### Exercise brief
Everything below from the line with "Coffee table with" through the line with "AK Musiker Axel" should be copied exactly, and nothing else; leave out the pictures.

● ● ● ● ● ● ●

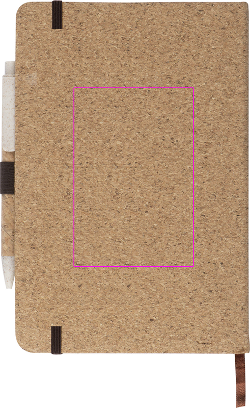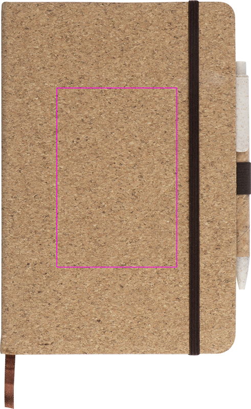 A5 korgist kaanega märkmik, 160 punktiirlehega, elastne rihm, pliiatsiaas ja korkkattega nisuõlest pastapliiats pappkarbis. Logo trükitakse raamatule.
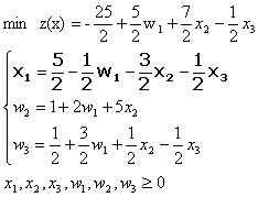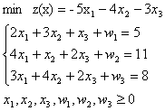 Đưa bài toán về dạng chính tắc bằng cách đưa vào các biến phụ w1, w2, w3 ≥ 0 ( làm cho các ràng buộc bất đẳng thức thành đẳng thức ) . Ta được :
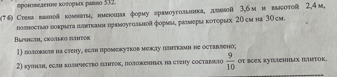 2) Найдём кол-во купленных плиток, если положенных составляет от всех купленных
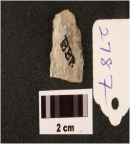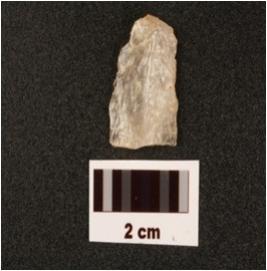 | Description / विवरण | Fragment of parallel sided mesolithic quartz blade with use wear marks on edges, two ridges on dorsal surface, trapezoidal in section, distal end broken, prominent bulb on ventral surface. |
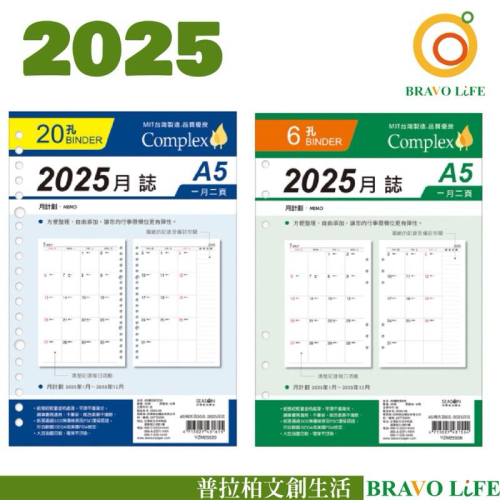現貨正版 2025年月誌 A5補充頁 6孔 20孔 月計劃 萬用手冊內頁 活頁紙 行事曆 工商日誌 年度計劃 學習 旅行
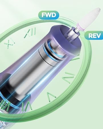 Easy to Use: This shiny acrylic nail drill adopts simple operation design and user-friendly control, it has a glowing knob switch, can easily adjust the speed. The F/R button can switch the rotation direction, which enables any right-handed or left-handed use.The smart LCD screen displays all operating statuses, including rotation speed, pause and rotation direction (at a glance). The DEDNMSCA nail grinder has a base design that provides storage space for the drill bit and handle, keeping your workspace tidy
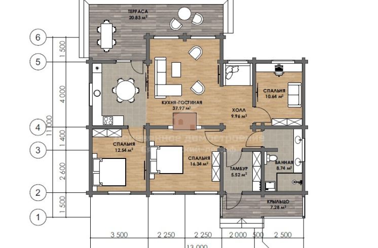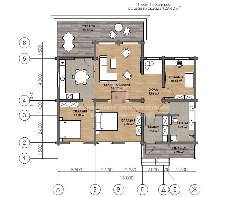 - Габариты: дом из клееного бруса 11х13
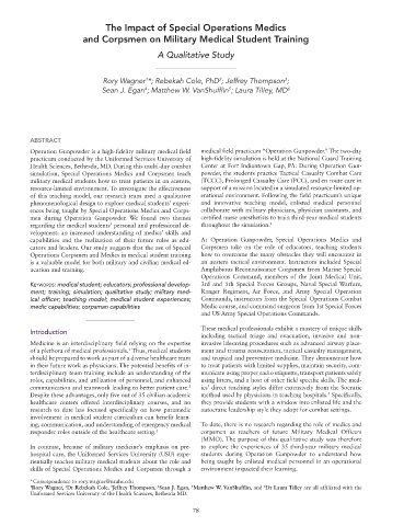 ment; training; simulation; qualitative study; military med- Ranger Regiment, Air Force, and Army Special Operation
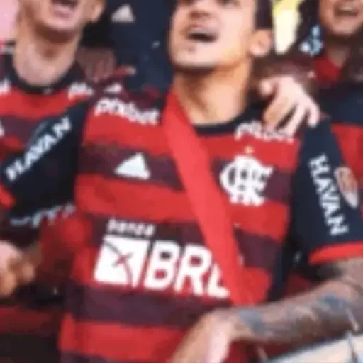 Jogador de futebol com camisa do Flamengo, marca BRL e HAVAN, com expressão de comemoração.
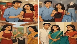 ‘தான் ஆசை ஆசையாக தேர்ந்தெடுத்துவைத்த புடவை, வேஷ்டி இரண்டையும் வாங்கமுடியவில்லையே..’ என்ற ஏக்கத்தோடு, கடையை விட்டு நிருதாவோடு வெளியேறினான் கிருஷ்ணன்.
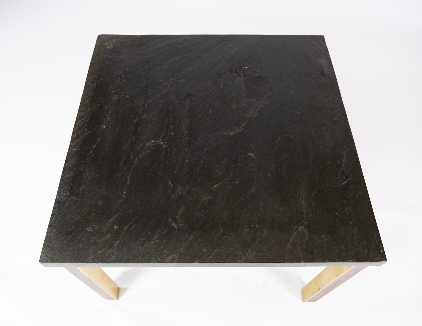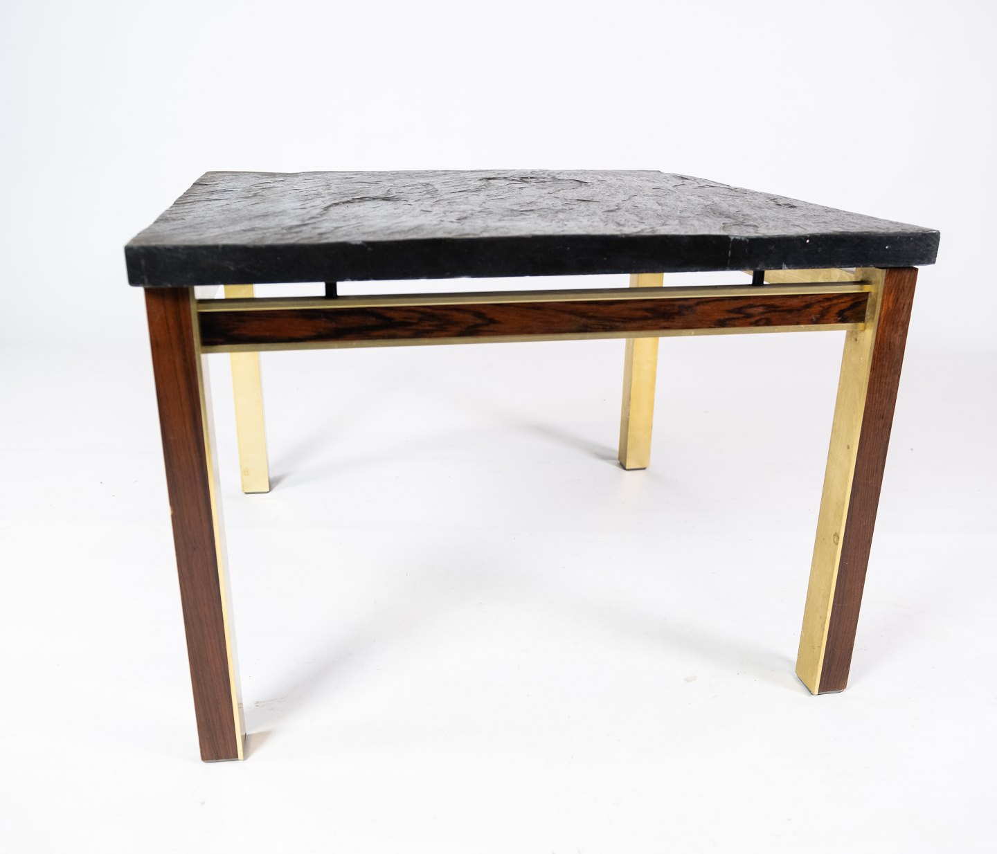 Coffee table with slate plate, frame of gilded metal and rosewood by Bendixen Design from the 1970s. The table is in great used condition.
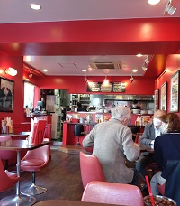 人形町の駅から5分。 アメリカンテイストの真っ赤でおしゃれな外観(中も)
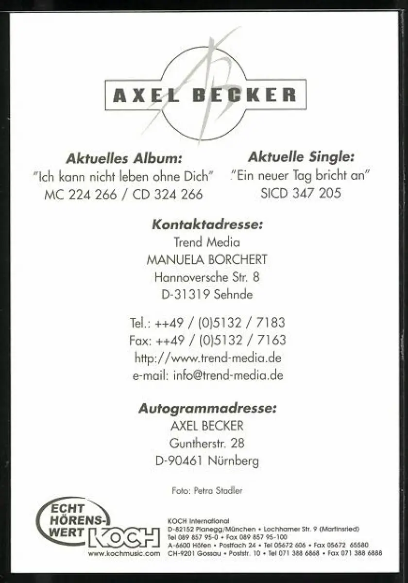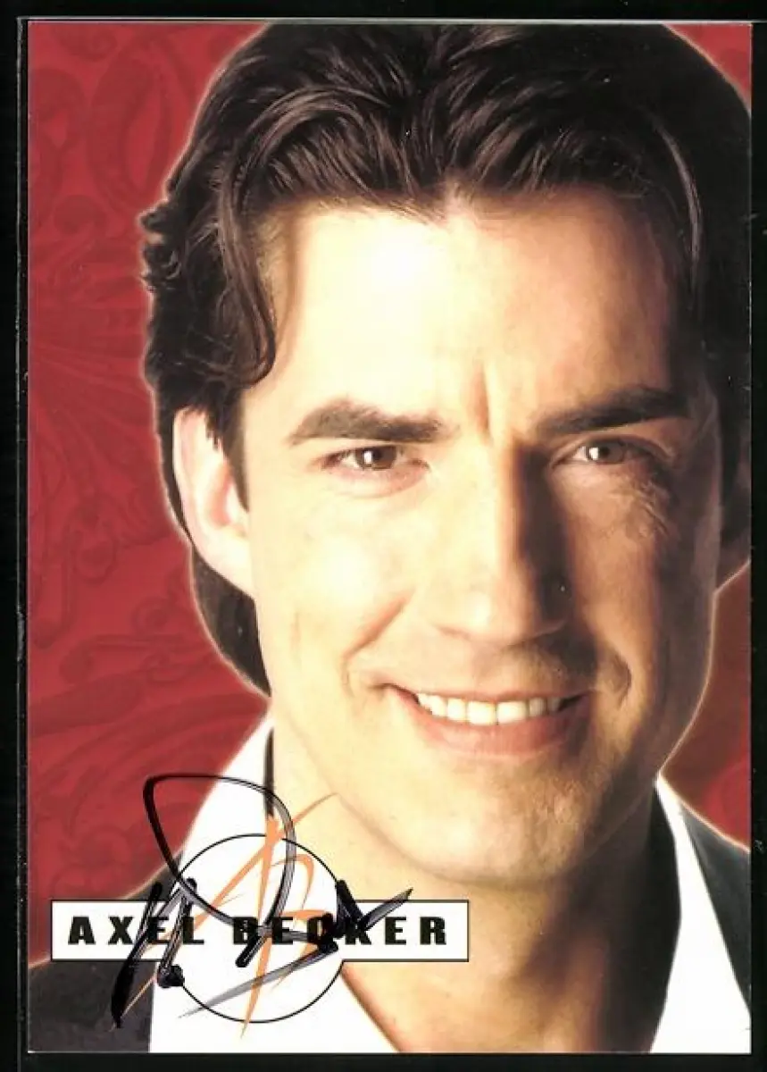 AK Musiker Axel Becker lächelnd im Porträt, Autograph
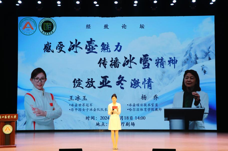 为落实五育并举方针,提升体育育人功能,充分发挥以体育智、以体育心作用,扎实培养广大青年学生奋发向上、顽强拼搏的意志品质,12月18日,经济管理学院联合东农经管校友联盟举办第一期经致讲坛暨“感受冰壶魅力、传播冰雪精神、绽放亚冬激情”分享会。邀请冰壶世界冠军、原中国女子冰壶队队长、韩国江陵女子冰壶世锦赛冠军、温哥华冬奥会季军、北京冬奥会冰壶项目竞赛主任、北京体育大学中国雪上运动学院教师王冰玉,经济管理学院校友、冰壶项目技术官员杨乔进行冰壶运动专题分享,经济管理学院领导、教师代表、全体辅导员、校友代表、全校各学院热爱冰壶运动的1100余名学生参加分享会。
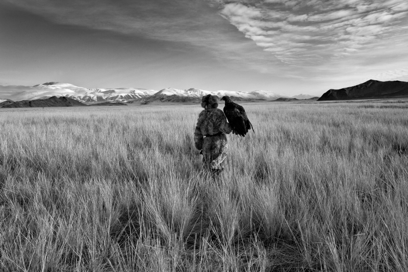 In the remote region which borders Russia, Kazakhstan, Mongolia and China live the last remaining men who hunt with eagles. For centuries Kazakh nomads have roamed the steppe since the days of Genghis Khan. Their ability to hunt with eagles was remarked upon by Marco Polo. The advance of the Russian empire into Kazakhstan two centuries ago swelled their ranks and, when the modern borders were drawn, the Kazakhs found themselves cut off from their homeland and left with little choice but to settle on the arid, wind-scoured plains and foothills of the Altai mountain range of western Mongolia. The golden eagle is a perfect predator, capable of killing a wolf, with a wingspan reaching two metres, beaks built to rend flesh and talons that kill prey instantly by piercing the heart. They look noble, distinguished, just like their masters. And their eyesight is amazing, exponentially better than a human’s, and they seem to burn with a real intelligence and ferocity.

● ● ● ● ● ● ●

### Exercise result
 Coffee table with slate plate, frame of gilded metal and rosewood by Bendixen Design from the 1970s. The table is in great used condition.
 人形町の駅から5分。 アメリカンテイストの真っ赤でおしゃれな外観(中も)
 AK Musiker Axel Becker lächelnd im Porträt, Autograph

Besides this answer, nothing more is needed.